Data for processing =>
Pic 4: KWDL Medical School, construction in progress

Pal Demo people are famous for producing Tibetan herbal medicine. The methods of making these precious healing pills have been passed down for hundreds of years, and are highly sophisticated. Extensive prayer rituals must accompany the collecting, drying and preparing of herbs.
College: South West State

---

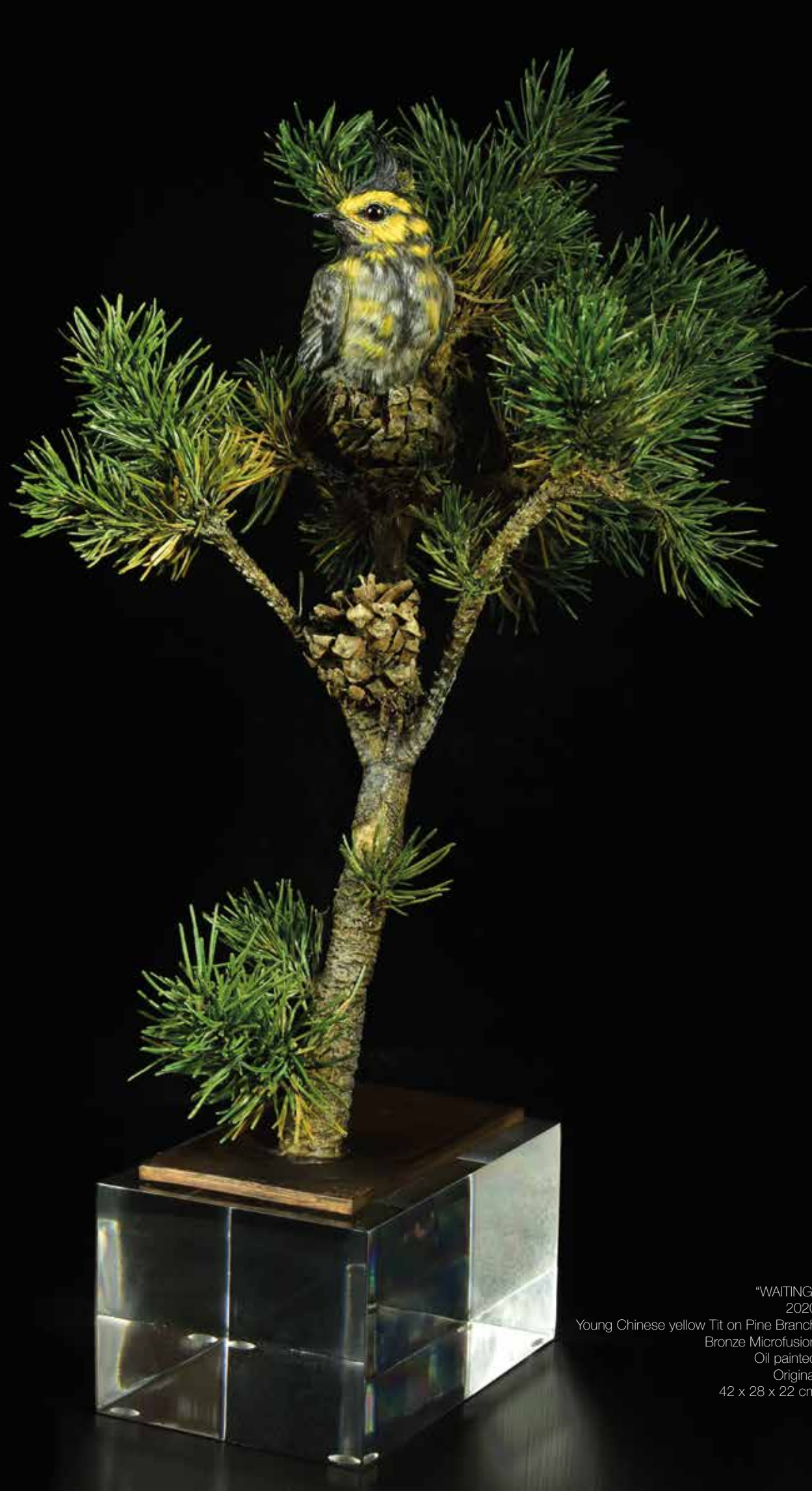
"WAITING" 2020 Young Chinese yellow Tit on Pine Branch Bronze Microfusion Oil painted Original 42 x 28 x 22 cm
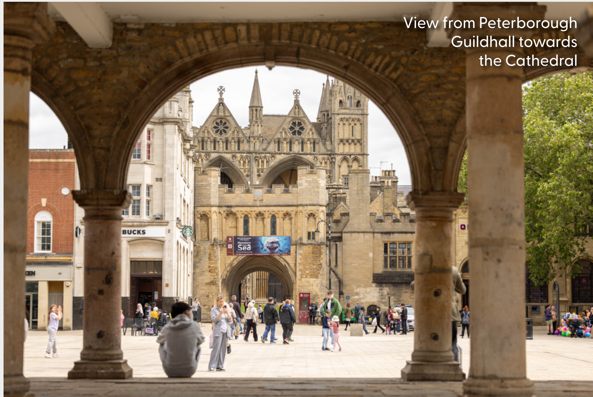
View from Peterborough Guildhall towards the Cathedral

* * *

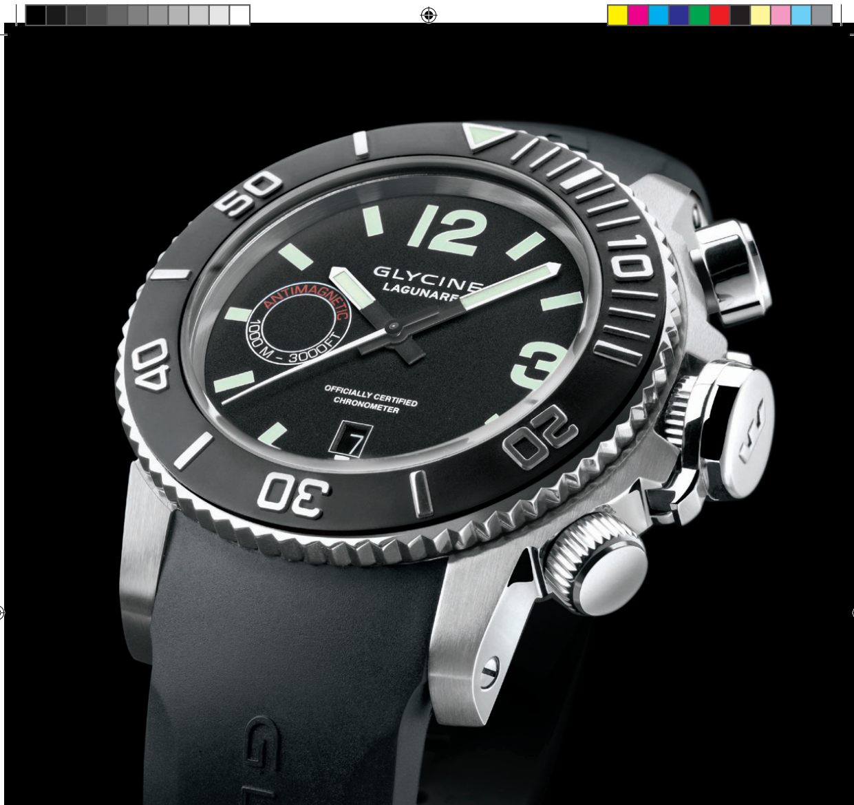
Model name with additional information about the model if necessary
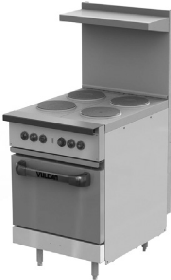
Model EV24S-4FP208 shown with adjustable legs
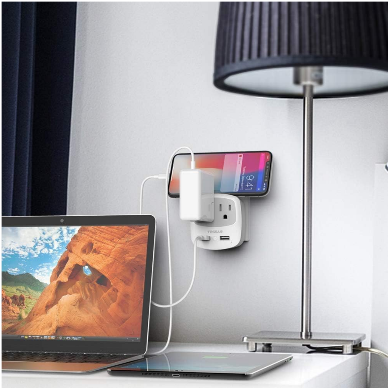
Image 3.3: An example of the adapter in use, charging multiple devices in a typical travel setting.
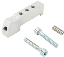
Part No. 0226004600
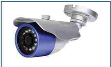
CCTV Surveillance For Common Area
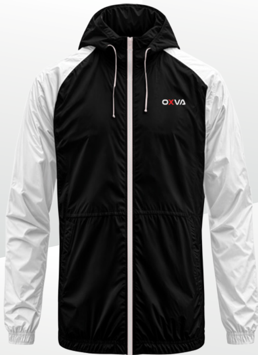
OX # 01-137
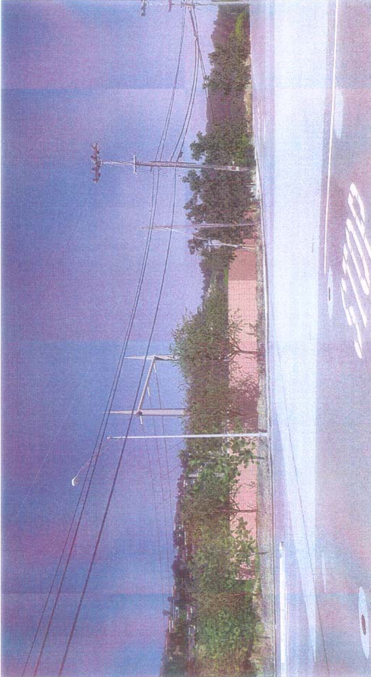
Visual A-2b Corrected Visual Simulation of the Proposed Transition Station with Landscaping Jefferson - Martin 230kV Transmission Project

Try it =>
Please output exactly the lines between the one holding "Pal Demo people" and the one holding "College: South West State" in the records above, inclusive, and nothing more.

Result for this task =>
Pal Demo people are famous for producing Tibetan herbal medicine. The methods of making these precious healing pills have been passed down for hundreds of years, and are highly sophisticated. Extensive prayer rituals must accompany the collecting, drying and preparing of herbs.
College: South West State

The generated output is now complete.